▶ [What is expected]:
Whenever the word "with" appears in a line of the listing, copy that line.

▶ [Supplied records]:
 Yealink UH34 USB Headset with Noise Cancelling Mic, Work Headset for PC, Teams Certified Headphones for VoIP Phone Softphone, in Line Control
...
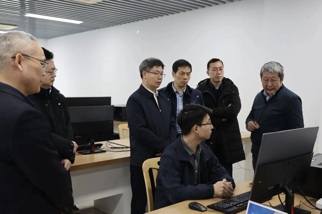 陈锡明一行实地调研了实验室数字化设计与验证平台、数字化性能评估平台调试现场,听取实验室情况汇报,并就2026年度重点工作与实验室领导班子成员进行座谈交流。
==
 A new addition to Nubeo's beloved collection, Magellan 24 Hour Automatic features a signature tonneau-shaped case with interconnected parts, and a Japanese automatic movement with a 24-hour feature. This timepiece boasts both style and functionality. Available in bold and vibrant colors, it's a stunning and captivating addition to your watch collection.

▶ [Worked solution]:
 Yealink UH34 USB Headset with Noise Cancelling Mic, Work Headset for PC, Teams Certified Headphones for VoIP Phone Softphone, in Line Control
 A new addition to Nubeo's beloved collection, Magellan 24 Hour Automatic features a signature tonneau-shaped case with interconnected parts, and a Japanese automatic movement with a 24-hour feature. This timepiece boasts both style and functionality. Available in bold and vibrant colors, it's a stunning and captivating addition to your watch collection.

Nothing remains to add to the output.